Visite à la région Houaidia

1er et 2 novembre 2022

UNE RÉVOLUTION EST PASSÉE PAR LÀ.

Carnet de bord d’une enquête en cours

 

 

Une équipe de l’association Nachaz a effectué le 1er et 2 novembre 2022 une visite à El Houaidia qui se situe à quelques kilomètres de la ville de Tabarka. Houaidia, région montagneuse, fait partie de la délégation de Nadhour, gouvernorat de Jendouba.

Houaidia a été marquée au cours des deux dernières années par la lutte menée par les habitants pour sauvegarder la source d’eau qui dessert la région après qu’une entreprise d’extraction de pierres rocheuses ait atteint la nappe phréatique et causé la pollution de la source. Un combat a été alors mené contre l’entreprise et le gouvernorat pour mettre fin aux infractions commises à l’égard des lois, de l’environnement et du droit des habitants à une eau  saine.

Lors de cet épisode, Moncef Houaidi a joué un rôle fédérateur. Il est devenu la figure emblématique de ce combat qui devait obtenir gain de cause après la décision de justice en faveur des habitants, obligeant l’entreprise à arrêter ses travaux d’extraction.

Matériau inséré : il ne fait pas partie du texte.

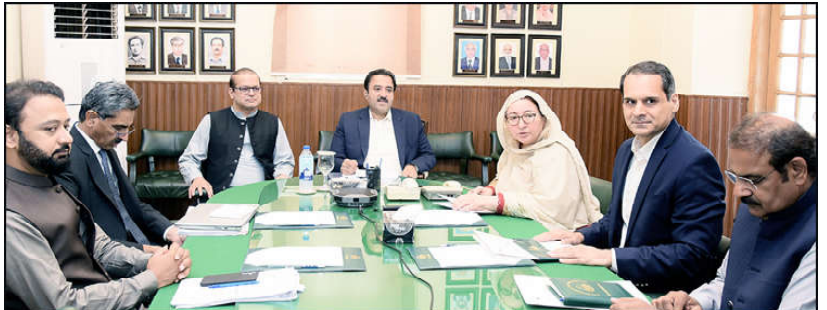
LAHORE: Punjab Minister for Local Government Zeeshan Rafique presides over the briefing session of Cooperatives Department. MNA Armaghan Subhani is also present.

participated in both programs across Lahore and the 36 districts of the province. Among those who have completed the internship, there are 13,000 male students and over 7,000 female students. A Punjab police spokesperson said that students from 88 universities, 143 colleges, and 43 schools participated in the community policing programmes. Over 20,000 students were briefed and trained about police work through the friends of police and volunteers in police programmes.
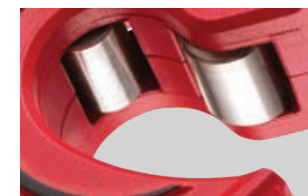
Chrome Rollers Rust Protection
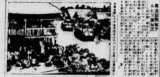
Makoto (Truth) is the name of this 8 by 11 inch newspaper, similar to Jap papers in format. Its aim is to infiltrate Japan with true news of allied victories, thus encouraging Jap defeatism. Japs distrust stories printed in their own papers, so news has proved to be strongest form of propaganda. This airborne edition tells of American progress in Philippine invasion.
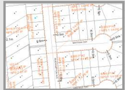
Legacy record linked in GIS
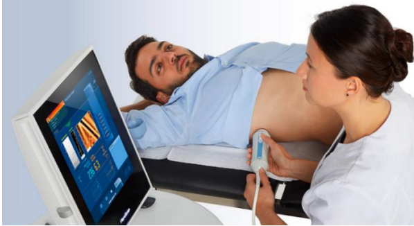
Figure 1: Patient receiving a liver assessment using the FibroScan machine
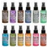
Tim Holtz Distress OXIDE SPRAY SET OF...
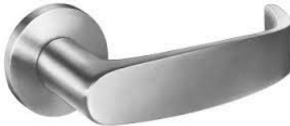
Classroom side view
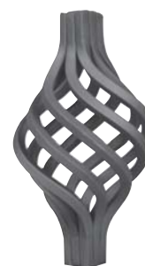
H.245 X L.130 mm. Art. 02.088 □ 30 X 30
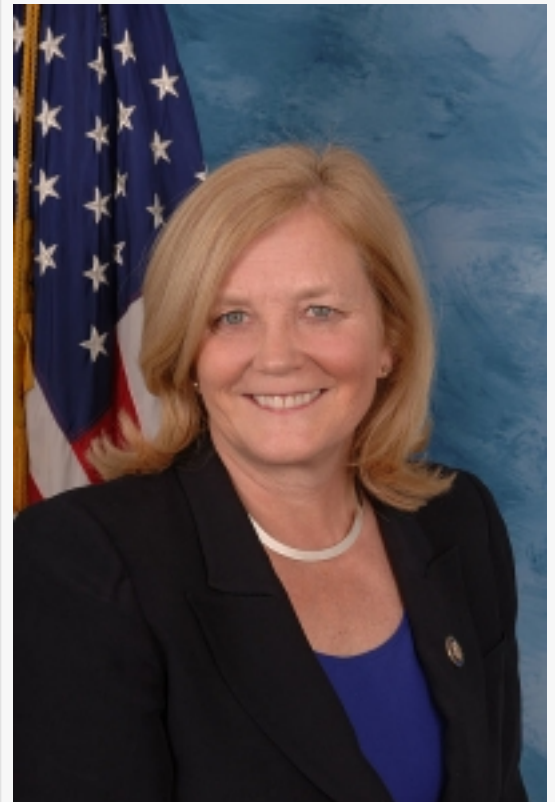
U.S. Rep. Chellie Pingree

The PAST Act has been blocked for years by a handful of well-placed lawmakers, but a new

L’équipe qui s’est déplacée à Houaidia a pu échanger avec les habitants autour de trois questions en relation avec le branchement des habitations au réseau de la Sonede ; le développement des activités agricoles et le projet d’une ferme culturelle initiée par Moncef Houaidi   :

  • Malgré l’existence d’un projet de branchement des habitations de la délégation de Nadhour au réseau de la Sonede, et dont les travaux ont atteint un stade d’exécution relativement avancé, aucune suite n’a été donnée aux promesses tenues pour effectuer le branchement des maisons depuis deux ans. A cause de l’absence d’eau potable dans les maisons, des centaines de femmes passent quotidiennement entre 3 et 4 heures et parfois plus à se ravitailler en eau dans des bidons et les ramener à dos d’âne jusqu’à leurs maisons. Les témoignages recueillis auprès de femmes et d’hommes en colère, à la source « Ain Askar », évoquent les souffrances quotidiennes, l’attente, la frustration et la déception à l’égard des pouvoirs publics qui ne font rien pour assurer un droit élémentaire, celui de l’accès à l’eau. Toutes et tous sont unanimes pour considérer que la qualité de la vie serait autre si l’eau était disponible à la maison. « Nos enfants quittent tous la région vers la ville de Tabarka ou vers Tunis afin de bénéficier du droit à l’eau car il n’est pas possible de vivre sans eau » répètent la majorité des personnes entendues.
  • Le développement des activités agricoles constitue une question cruciale pour les habitants de la délégation Nadhour. La croissance souhaitée dépend étroitement de la disponibilité de l’eau et des puits nécessaires au développement des plantations. Le témoignage de Ali, un des habitants de la région, est particulièrement éloquent sur les difficultés en lien avec le creusement des puits et le manque d’eau, l’absence d’aides techniques… En raison de ces défaillances, les jeunes quittent la région, et parfois le pays, car « l’Etat n’existe pas », « l’État n’accomplit pas son rôle », « si le minimum était fourni, la terre aurait un autre visage » souligne Ali…

Pour autant, l’unanimisme n’est pas la règle parmi les habitant quant au moyens de réagir. Ali pense que les manifestions ou autre type de revendications peuvent être contre-productives, l’essentiel c’est que les médias fassent parvenir la voix et les griefs des habitants. Moncef estime de son côté que les pouvoirs publics ne réagissent que si les habitants revendiquent leurs droits à travers des manifestations devant le siège des instances publiques concernées.

  • Après avoir gagné la bataille environnementale, celle de mettre fin à la pollution de la source d’eau, Moncef, fer de lance de cette lutte, a décidé de développer un projet de ferme culturelle qui allie activité agricole et activité culturelle. A côté des plantes auxquelles M.H. accorde une attention particulière, la bibliothèque avec ses livres, romans et livres pour enfants constitue l’espace phare de la ferme et de toute la délégation qui ne compte aucun espace culturel hors l’école primaire. Les enfants que nous avons rencontrés commencent à fréquenter la bibliothèque et à emprunter des livres. Le projet fait cependant face au problème de la pérennité des dons ou des financements.

La résistance des habitants de Houaidia et de la délégation Nadhour, les luttes qu’ils mènent en faveur d’une meilleure qualité de vie, l’alternative culturelle que propose la ferme de Moncef Houaidi constituent des repères et des point d’appui pour des initiatives de soutien.